The inner object must delegate to the controlling unknown, that is, pUnkOuter, all IUnknown calls occurring in any interface it implements other than the non-delegating IUnknown.

Through these steps, the inner object is made aware of the outer object, obtains an IUnknown to which it can delegate calls to insure proper behavior of reference counting and QueryInterface, and provides a way for the outer object to control the inner object's lifetime separately. The mechanism is illustrated in Figure 6-5.

Figure 6-5. Aggregation requires an explicit implementation of IUnknown on the inner object and delegation of IUnknown function of any other interface to the outer object's IUnknown functions.

Now let's look at how this mechanism manifests in code.
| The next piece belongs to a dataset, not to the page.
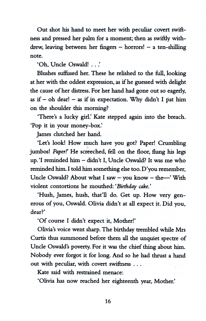 A diary for her innermost thoughts, a china ornament, a ten-shilling note, and a roll of flame-coloured silk for her first evening dress: these are the gifts Olivia Curtis receives for her seventeenth birthday. She anticipates her first dance, the greatest yet most terrifying event of her restricted social life, with tremulous uncertainty and excitement. For her pretty, charming elder sister Kate, the dance is certain to be a triumph, but what will it be for shy, awkward Olivia

First off, the TextRender object no longer needs its own IDataObject implementation and can thus remove it from its class, but will need to add a member m_pUnkImage to maintain the TextImage's non-delegating IUnknown:

class CTextRender : public IPersistFile {
   private:
      ULONG      m_cRef;         //Reference Count
      char *      m_pszText;      //Pointer to allocated text
      ULONG      m_cchText;      //Number of characters in m_pszText

      IUnknown *   m_pUnkImage;      //TextImage IUnknown
      //Other internal member functions here

   public:
      [Constructor, Destructor]

      //Outer object IUnknown
      HRESULT QueryInterface(REFIID iid, void ** ppv);
      ULONG AddRef(void);
      ULONG Release(void);

      //IPersistFile Member overrides
      ...
   };

In the previous section we saw how the TextRender object would create a TextImage object for containment using CoCreateInstance with the pUnkOuter parameter set to NULL. In aggregation, this parameter will be TextRender's own IUnknown (obtained using a typecast). Furthermore, TextRender must request IUnknown initially from TextImage (storing the pointer in m_pUnkImage):

//TextRender initialization
HRESULT     hr;
hr=CoCreateInstance(CLSID_TextImage, CLSCTX_ SERVER, (IUnknown *)this, IID_IUnknown, (void *)&m_pUnkImage);
if (FAILED(hr))
   //TextImage not available, either fail or disable graphic rendering
//Success:  can now make use of TextImage object.

Now, since TextRender does not have its own IDataObject any longer, its implementation of QueryInterface will use m_pUnkImage to obtain interface pointers:

HRESULT CTextRender::QueryInterface(REFIID iid, void ** ppv) {
   *ppv=NULL;

   //This code assumes an overloaded == operator for GUIDs exists
   if (IID_IUnknown==iid)
      *ppv=(void *)(IUnknown *)this;

   if (IID_IPersitFile==iid)
      *ppv=(void *)(IPersistFile *)this;

   if (IID_IDataObject==iid)
      return m_pUnkImage->QueryInterface(iid, ppv);

   if (NULL==*ppv)
      return E_NOINTERFACE;      //iid not supported.
   
   //Any call to anyone's AddRef is our own.
   AddRef();
   return NOERROR;
   }

Note that delegating QueryInterface to the inner object is done only for those interfaces that the outer object knows it wants to expose. The outer object should not delegate the query as a default case, for such blind forwarding without an understanding of the semantic being forwarded will almost assuredly break the outer object should the inner one be revised with new functionality.